[Opening ENTRIES SHOWN section]

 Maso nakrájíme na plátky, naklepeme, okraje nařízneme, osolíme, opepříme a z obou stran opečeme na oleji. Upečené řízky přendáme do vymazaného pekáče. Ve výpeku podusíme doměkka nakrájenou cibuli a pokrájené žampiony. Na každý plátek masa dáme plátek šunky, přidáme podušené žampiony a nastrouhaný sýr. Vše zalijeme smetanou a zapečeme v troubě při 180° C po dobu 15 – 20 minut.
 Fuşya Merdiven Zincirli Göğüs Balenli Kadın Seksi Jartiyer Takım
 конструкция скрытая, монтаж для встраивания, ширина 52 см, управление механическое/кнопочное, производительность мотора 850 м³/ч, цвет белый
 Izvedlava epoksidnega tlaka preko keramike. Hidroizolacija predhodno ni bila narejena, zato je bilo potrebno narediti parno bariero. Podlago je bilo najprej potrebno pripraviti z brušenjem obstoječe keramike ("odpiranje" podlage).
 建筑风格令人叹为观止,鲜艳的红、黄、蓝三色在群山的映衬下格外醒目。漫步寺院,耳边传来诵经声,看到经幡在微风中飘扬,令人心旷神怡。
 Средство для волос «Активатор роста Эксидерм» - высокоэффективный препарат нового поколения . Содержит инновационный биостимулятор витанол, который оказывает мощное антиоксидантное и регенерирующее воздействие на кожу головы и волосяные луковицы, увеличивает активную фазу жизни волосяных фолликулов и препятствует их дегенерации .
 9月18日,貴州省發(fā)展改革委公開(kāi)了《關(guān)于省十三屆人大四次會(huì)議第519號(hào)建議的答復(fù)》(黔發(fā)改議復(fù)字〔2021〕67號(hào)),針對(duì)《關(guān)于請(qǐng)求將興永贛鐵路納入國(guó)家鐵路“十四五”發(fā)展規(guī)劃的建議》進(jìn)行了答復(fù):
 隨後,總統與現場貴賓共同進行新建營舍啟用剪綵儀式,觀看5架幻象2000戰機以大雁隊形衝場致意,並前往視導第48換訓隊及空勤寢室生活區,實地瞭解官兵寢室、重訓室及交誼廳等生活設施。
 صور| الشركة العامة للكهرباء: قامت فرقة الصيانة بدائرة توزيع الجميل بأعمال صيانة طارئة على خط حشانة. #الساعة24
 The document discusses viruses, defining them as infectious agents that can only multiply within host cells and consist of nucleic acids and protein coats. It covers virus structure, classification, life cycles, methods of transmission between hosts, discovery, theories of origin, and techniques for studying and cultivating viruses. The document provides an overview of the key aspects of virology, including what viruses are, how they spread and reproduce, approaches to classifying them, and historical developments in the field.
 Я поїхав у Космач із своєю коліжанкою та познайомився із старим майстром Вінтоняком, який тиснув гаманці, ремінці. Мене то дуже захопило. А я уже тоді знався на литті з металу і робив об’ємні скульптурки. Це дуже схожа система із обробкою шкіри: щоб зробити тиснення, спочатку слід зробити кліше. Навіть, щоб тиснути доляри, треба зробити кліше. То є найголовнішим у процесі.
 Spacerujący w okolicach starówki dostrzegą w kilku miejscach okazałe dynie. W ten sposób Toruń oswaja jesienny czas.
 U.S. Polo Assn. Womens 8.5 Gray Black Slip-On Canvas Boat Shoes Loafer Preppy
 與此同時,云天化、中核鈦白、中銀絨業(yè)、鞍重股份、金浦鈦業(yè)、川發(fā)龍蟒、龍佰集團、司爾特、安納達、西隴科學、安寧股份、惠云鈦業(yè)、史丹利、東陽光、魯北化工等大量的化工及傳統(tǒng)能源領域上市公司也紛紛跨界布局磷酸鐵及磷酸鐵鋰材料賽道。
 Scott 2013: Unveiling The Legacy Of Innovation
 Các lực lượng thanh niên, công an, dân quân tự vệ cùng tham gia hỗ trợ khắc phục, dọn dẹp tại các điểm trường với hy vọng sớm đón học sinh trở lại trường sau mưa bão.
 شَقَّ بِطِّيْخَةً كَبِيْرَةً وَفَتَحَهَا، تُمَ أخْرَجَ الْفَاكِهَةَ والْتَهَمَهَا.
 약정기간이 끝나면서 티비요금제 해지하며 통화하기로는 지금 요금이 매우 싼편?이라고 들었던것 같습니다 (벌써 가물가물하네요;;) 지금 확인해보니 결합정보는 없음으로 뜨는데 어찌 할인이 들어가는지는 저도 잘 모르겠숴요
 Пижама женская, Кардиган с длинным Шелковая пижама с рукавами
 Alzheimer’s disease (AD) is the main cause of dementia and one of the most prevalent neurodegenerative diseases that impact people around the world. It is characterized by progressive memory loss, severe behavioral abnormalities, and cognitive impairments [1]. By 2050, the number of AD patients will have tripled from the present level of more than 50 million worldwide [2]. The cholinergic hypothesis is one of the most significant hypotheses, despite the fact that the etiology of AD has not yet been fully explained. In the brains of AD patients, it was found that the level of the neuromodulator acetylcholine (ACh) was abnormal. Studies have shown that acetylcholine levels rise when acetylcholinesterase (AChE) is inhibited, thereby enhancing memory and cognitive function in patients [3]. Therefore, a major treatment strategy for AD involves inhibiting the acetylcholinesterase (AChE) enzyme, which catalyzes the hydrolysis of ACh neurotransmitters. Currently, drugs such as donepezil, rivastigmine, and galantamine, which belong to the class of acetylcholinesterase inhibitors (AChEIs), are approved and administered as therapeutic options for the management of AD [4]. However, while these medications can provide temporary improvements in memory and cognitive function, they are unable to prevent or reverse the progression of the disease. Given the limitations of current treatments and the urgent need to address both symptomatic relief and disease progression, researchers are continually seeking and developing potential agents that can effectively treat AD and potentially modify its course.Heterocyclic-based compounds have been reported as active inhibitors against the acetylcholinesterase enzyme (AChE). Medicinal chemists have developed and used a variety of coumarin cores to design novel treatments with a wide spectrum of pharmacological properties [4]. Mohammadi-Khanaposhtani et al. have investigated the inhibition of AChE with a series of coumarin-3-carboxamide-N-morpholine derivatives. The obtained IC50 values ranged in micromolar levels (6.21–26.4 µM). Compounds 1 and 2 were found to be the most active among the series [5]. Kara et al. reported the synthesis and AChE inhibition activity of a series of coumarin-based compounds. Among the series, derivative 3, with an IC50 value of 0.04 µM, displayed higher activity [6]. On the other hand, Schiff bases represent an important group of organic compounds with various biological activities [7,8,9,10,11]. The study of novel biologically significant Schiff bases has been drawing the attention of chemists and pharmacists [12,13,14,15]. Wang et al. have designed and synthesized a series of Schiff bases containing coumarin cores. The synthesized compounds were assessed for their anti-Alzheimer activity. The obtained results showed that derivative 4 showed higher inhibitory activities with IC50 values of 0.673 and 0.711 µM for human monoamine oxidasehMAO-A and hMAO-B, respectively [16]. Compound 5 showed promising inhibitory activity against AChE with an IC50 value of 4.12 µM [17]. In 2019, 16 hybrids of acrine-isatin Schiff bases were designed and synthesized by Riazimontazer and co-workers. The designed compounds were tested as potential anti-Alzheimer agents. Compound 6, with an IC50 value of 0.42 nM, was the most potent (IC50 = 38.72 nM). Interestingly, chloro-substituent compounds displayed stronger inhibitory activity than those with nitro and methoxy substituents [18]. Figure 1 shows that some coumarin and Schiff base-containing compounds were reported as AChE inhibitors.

[Closing ENTRIES SHOWN section]

● TASK INSTRUCTIONS:
For this exercise, output exactly the lines above from the line with "建筑风格令人叹为观止,鲜艳的" to the line with "9月18日,貴州省發(fā)", counting both, and leave out the rest.

● OUTPUT BELOW:
 建筑风格令人叹为观止,鲜艳的红、黄、蓝三色在群山的映衬下格外醒目。漫步寺院,耳边传来诵经声,看到经幡在微风中飘扬,令人心旷神怡。
 Средство для волос «Активатор роста Эксидерм» - высокоэффективный препарат нового поколения . Содержит инновационный биостимулятор витанол, который оказывает мощное антиоксидантное и регенерирующее воздействие на кожу головы и волосяные луковицы, увеличивает активную фазу жизни волосяных фолликулов и препятствует их дегенерации .
 9月18日,貴州省發(fā)展改革委公開(kāi)了《關(guān)于省十三屆人大四次會(huì)議第519號(hào)建議的答復(fù)》(黔發(fā)改議復(fù)字〔2021〕67號(hào)),針對(duì)《關(guān)于請(qǐng)求將興永贛鐵路納入國(guó)家鐵路“十四五”發(fā)展規(guī)劃的建議》進(jìn)行了答復(fù):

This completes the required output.